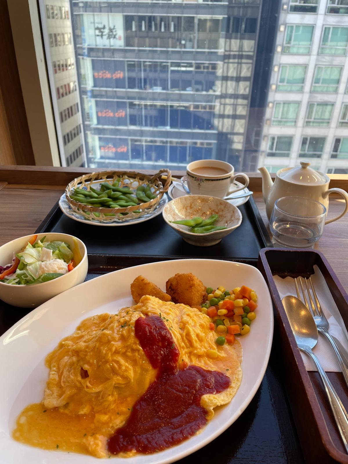 At the heart of this dining experience is a beautifully plated dish of omurice, a Japanese comfort food classic. The name \omurice\ combines \omelet\ and \rice,\ and this version is nothing short of perfection. The omelet’s golden, fluffy exterior drapes over a bed of seasoned rice, its richness balanced by a generous dollop of tangy tomato sauce. The soft texture and harmonious flavors make every bite indulgent yet comforting.
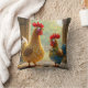 Cena cômica mostra duas galinhas em pé na porta do celeiro vestindo roupas
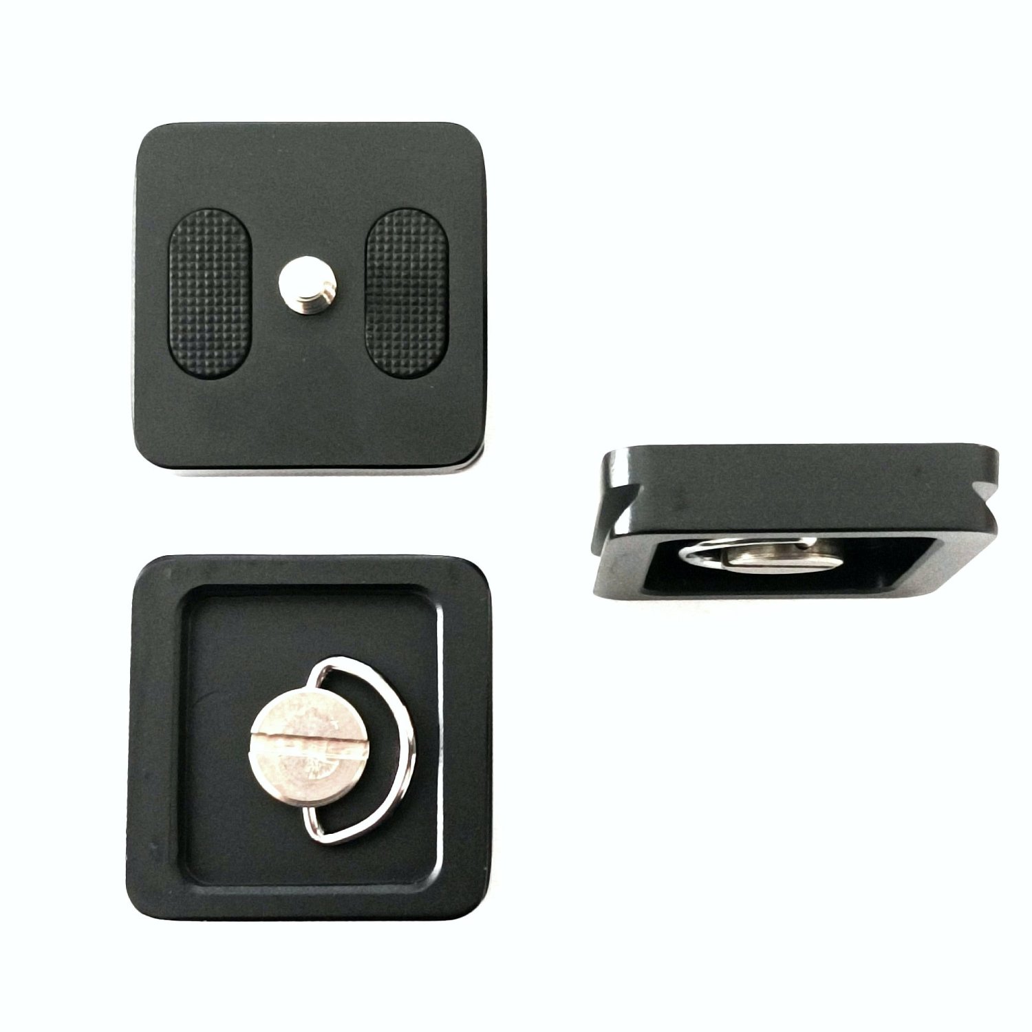In diesem Set sind drei Platten enthalten, man kann die Platten an den Geräten (Kameras, Ferngläser, Spektive, Handyhalterungen, usw...) belassen und spart sich das ummontieren. Zwei Gummi-Flächen sorgen für einen sicheren Halt, die Schraube kann entweder per Hand mit umklappbaren Metallbügel, oder mit einem großen Schlitzschraubendreher befestigt werden.
------------------------------------------------------------------------
#### Work required:
Every line from the top of the material above through the line with "Cena cômica mostra" should be duplicated exactly, please; leave out the pictures.

#### Answer area:
 At the heart of this dining experience is a beautifully plated dish of omurice, a Japanese comfort food classic. The name \omurice\ combines \omelet\ and \rice,\ and this version is nothing short of perfection. The omelet’s golden, fluffy exterior drapes over a bed of seasoned rice, its richness balanced by a generous dollop of tangy tomato sauce. The soft texture and harmonious flavors make every bite indulgent yet comforting.
 Cena cômica mostra duas galinhas em pé na porta do celeiro vestindo roupas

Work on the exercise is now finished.